2021-02-26 Thread Sophie Blee-Goldman
Peter,

It does seem like KAFKA-9752 is the most likely suspect, although if your
clients
were upgraded to 2.6.1 then I don't believe they would be on an early
enough version
of the JoinGroup to run into this. I'm not 100% sure though, it may be a
good idea
to leave a comment on that ticket and ping Jason directly since he
implemented the fix

Murilo,

I agree that your problem is not likely to be KAFKA-9752, since that was
caused by
KAFKA-9232 and that code is not present  in 2.2.1. But maybe you're hitting
up on the
issue which  KAFKA-9232 was originally intended to fix? In any case, 2.2.1
is quite old now
so there may be other known bugs which have since been fixed.

I know it's not always possible/easy, but I would still recommend to
upgrade your brokers to a
more recent version if you can.


On Fri, Feb 26, 2021 at 7:19 AM Murilo Tavares  wrote:

> Just to provide a bit more detail, I noticed Peter's pattern:
> "Rebalance failed. org.apache.kafka.common.errors.DisconnectException:
> null"
> "(Re-)joining group"
>
> But I also get a different pattern, interchangeably:
> Group coordinator broker-1:9092 (id: 2147483646 rack: null) is unavailable
> or invalid due to cause: null.isDisconnected: true.
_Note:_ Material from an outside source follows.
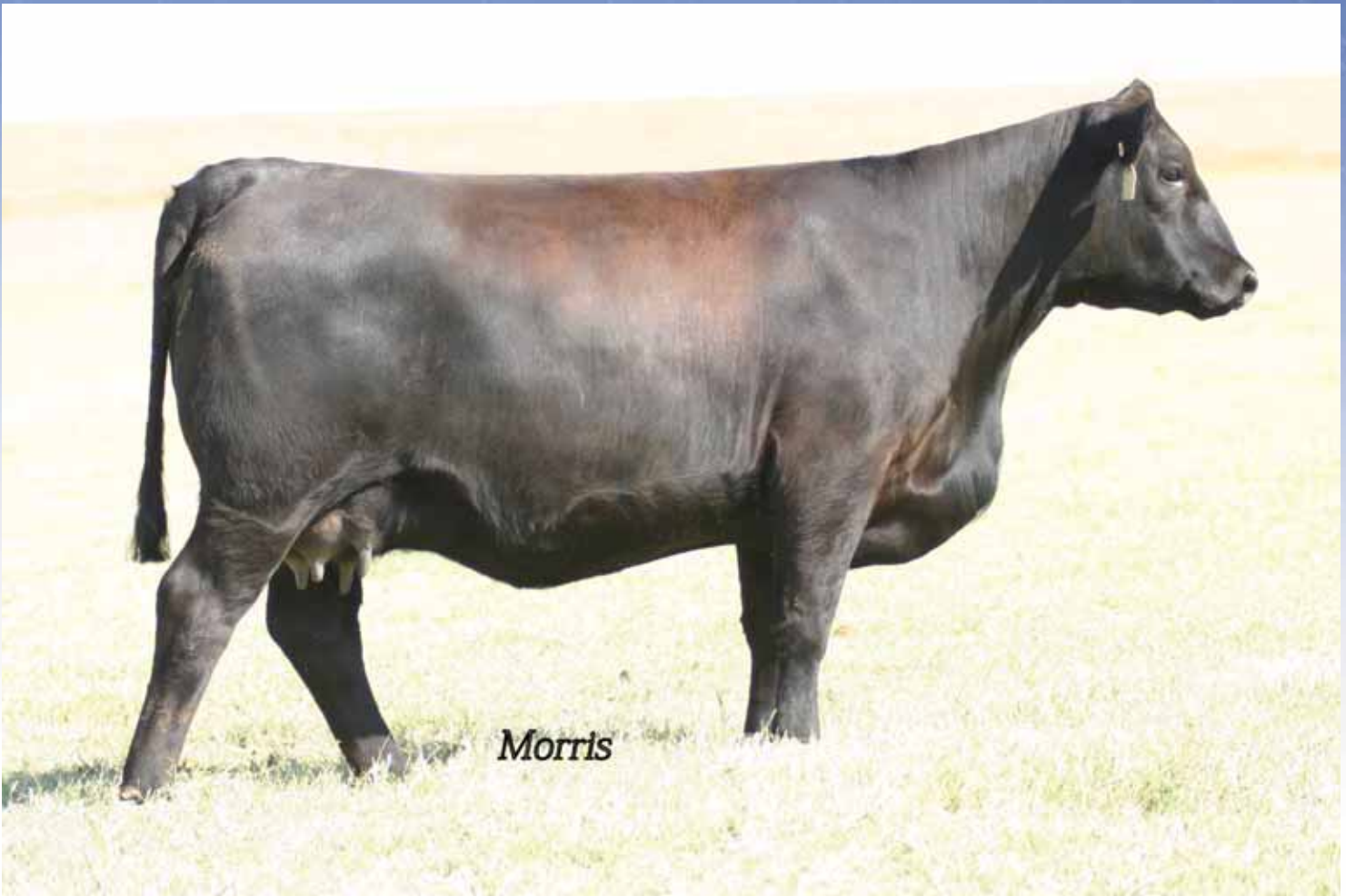
HCC Princess 0249, Lot 34

Rediscovery will be
> attempted.
> Followed by
> Discovered group coordinator broker-1:9092 (id: 2147483646 rack: null)
>
>
>
> On Fri, 26 Feb 2021 at 09:59, Murilo Tavares  wrote:
>
> > Hi
> > I got the same behaviour yesterday while trying to upgrade my
> KafkaStreams
> > app from 2.4.1 to 2.7.0. Our brokers are on 2.2.1.
> >
> > Looking at KAFKA-9752 it mentions the cause being two other tickets:
> > https://issues.apache.org/jira/browse/KAFKA-7610
> > https://issues.apache.org/jira/browse/KAFKA-9232
> >
> > Although the first ticket seems fixed in 2.2.0, the latter was just fixed
> > in 2.2.3, so my brokers shouldn't have the code for KAFKA-9232.
> > But what I don't understand is that KAFKA-9752 says:
> > "Note that this is only possible if 1) we have a consumer using an old
> > JoinGroup version, 2) the consumer times out and disconnects from its
> > initial JoinGroup request."
> > In this case, I guess my consumer is not using an old JoinGroup, as my
> > consumers (KafkaStreams) are on 2.7.0...
> >
> > Thanks
> > Murilo
> >
> > On Fri, 26 Feb 2021 at 06:06, Péter Sinóros-Szabó
> >  wrote:
> >
> >> Hey Sophie,
> >>
> >> thanks for the link, I was checking that ticket, but I was not sure if
> it
> >> is relevant for our case.
> >> Eventually we "fixed" our problem with reducing the session.timeout.ms
> >> (it
> >> was set to a high value for other reasons).
> >>
> >> But today, in another service, we faced the same problem when upgrading
> >> the
> >> Kafka Client from 2.5.1 to 2.6.1. We are still using 2.4.1 on the
> brokers.
> >> Do you think the same problem (KAFKA-9752) might cause this problem too?
> >> It's hard to judge just based on the description of that ticket.
> >>
> >> Thanks,
> >> Peter
> >>
> >
>


Re: Rebalancing stuck, never finishes

2021-02-26 Thread Murilo Tavares
Just to provide a bit more detail, I noticed Peter's pattern:
"Rebalance failed. org.apache.kafka.common.errors.DisconnectException: null"
"(Re-)joining group"

But I also get a different pattern, interchangeably:
Group coordinator broker-1:9092 (id: 2147483646 rack: null) is unavailable
or invalid due to cause: null.isDisconnected: true. Rediscovery will be
attempted.
Followed by
Discovered group coordinator broker-1:9092 (id: 2147483646 rack: null)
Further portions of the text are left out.